[Data shown]

-------

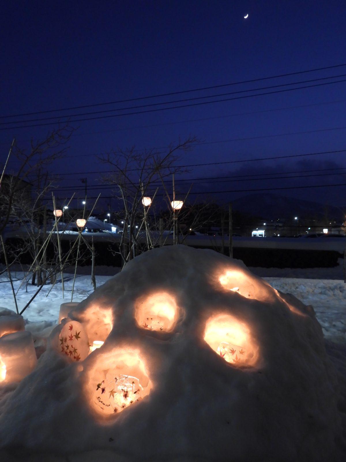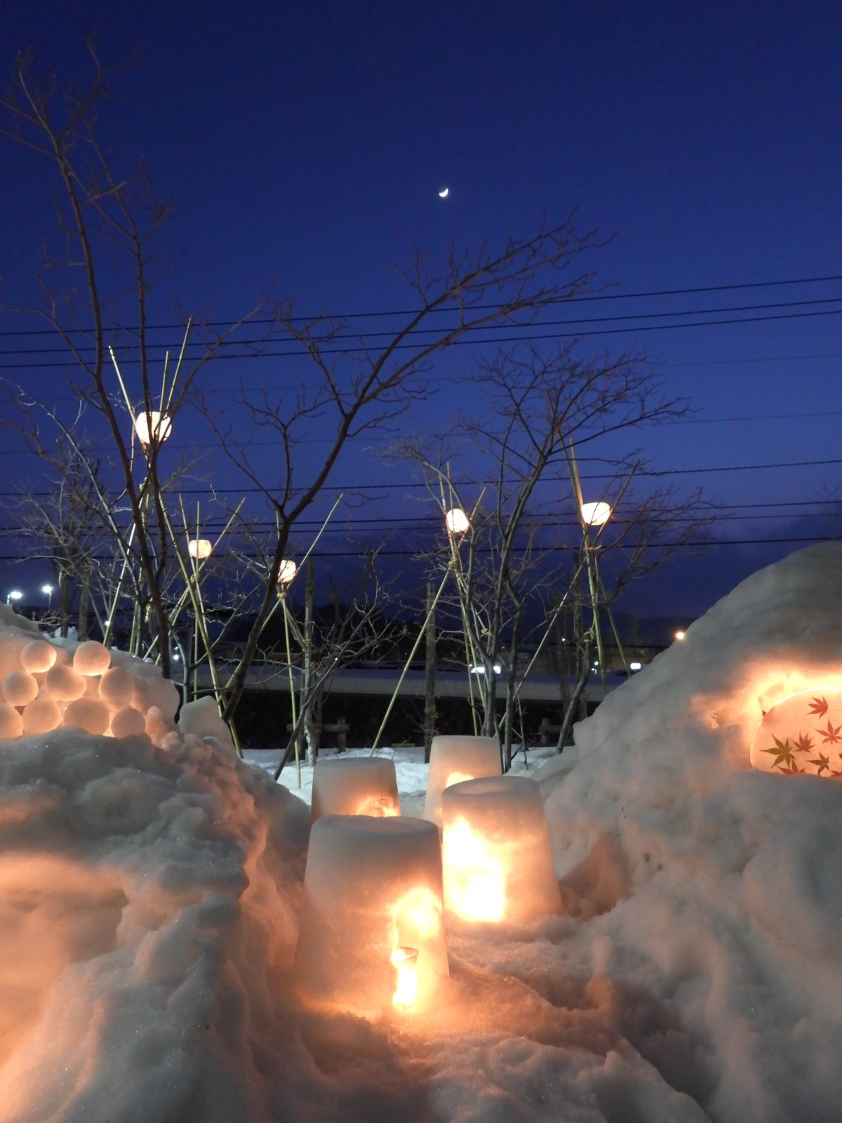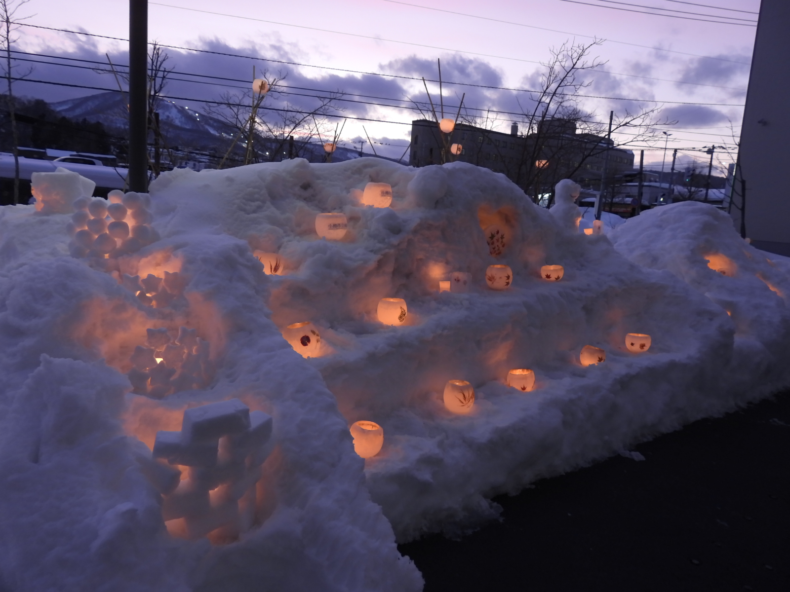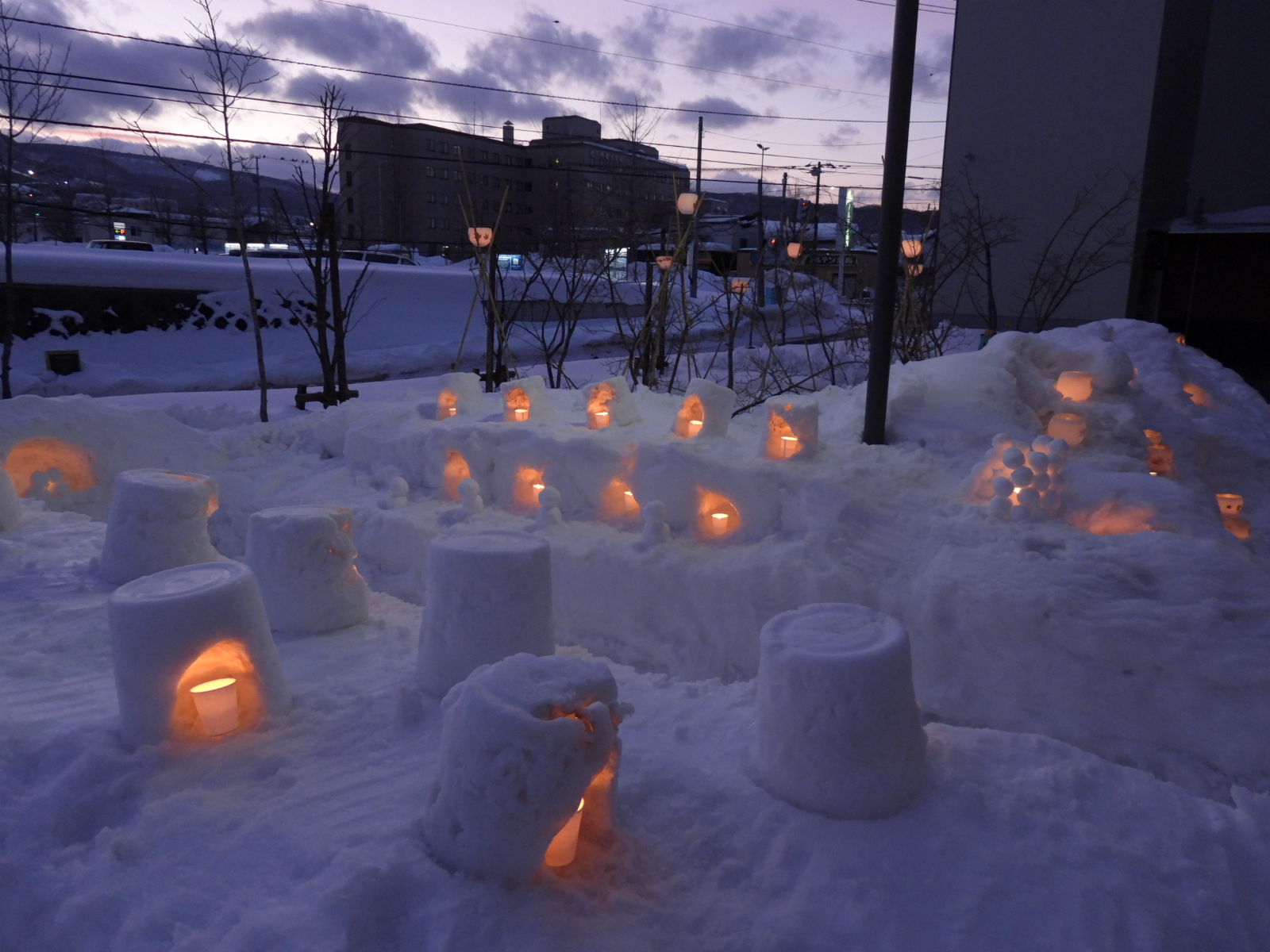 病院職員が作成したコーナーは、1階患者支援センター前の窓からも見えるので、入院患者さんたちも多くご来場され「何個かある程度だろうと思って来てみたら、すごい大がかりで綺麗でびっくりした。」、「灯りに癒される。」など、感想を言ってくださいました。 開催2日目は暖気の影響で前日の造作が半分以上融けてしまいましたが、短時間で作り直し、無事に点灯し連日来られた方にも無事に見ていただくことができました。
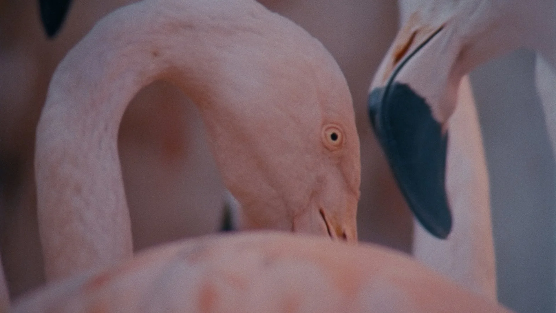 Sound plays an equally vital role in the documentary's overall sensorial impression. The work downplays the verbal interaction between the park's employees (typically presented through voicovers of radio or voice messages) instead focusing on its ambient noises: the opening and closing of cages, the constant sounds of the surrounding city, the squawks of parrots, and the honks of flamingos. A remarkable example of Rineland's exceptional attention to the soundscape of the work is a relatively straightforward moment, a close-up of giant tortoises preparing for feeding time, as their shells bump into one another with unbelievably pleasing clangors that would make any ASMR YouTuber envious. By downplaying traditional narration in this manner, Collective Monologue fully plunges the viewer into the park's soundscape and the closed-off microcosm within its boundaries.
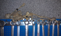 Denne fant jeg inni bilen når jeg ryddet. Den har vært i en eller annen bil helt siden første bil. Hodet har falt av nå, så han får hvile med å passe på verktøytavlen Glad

-------

[Problem description] Output the data above exactly, excluding images.

[Task response]
 病院職員が作成したコーナーは、1階患者支援センター前の窓からも見えるので、入院患者さんたちも多くご来場され「何個かある程度だろうと思って来てみたら、すごい大がかりで綺麗でびっくりした。」、「灯りに癒される。」など、感想を言ってくださいました。 開催2日目は暖気の影響で前日の造作が半分以上融けてしまいましたが、短時間で作り直し、無事に点灯し連日来られた方にも無事に見ていただくことができました。
 Sound plays an equally vital role in the documentary's overall sensorial impression. The work downplays the verbal interaction between the park's employees (typically presented through voicovers of radio or voice messages) instead focusing on its ambient noises: the opening and closing of cages, the constant sounds of the surrounding city, the squawks of parrots, and the honks of flamingos. A remarkable example of Rineland's exceptional attention to the soundscape of the work is a relatively straightforward moment, a close-up of giant tortoises preparing for feeding time, as their shells bump into one another with unbelievably pleasing clangors that would make any ASMR YouTuber envious. By downplaying traditional narration in this manner, Collective Monologue fully plunges the viewer into the park's soundscape and the closed-off microcosm within its boundaries.
 Denne fant jeg inni bilen når jeg ryddet. Den har vært i en eller annen bil helt siden første bil. Hodet har falt av nå, så han får hvile med å passe på verktøytavlen Glad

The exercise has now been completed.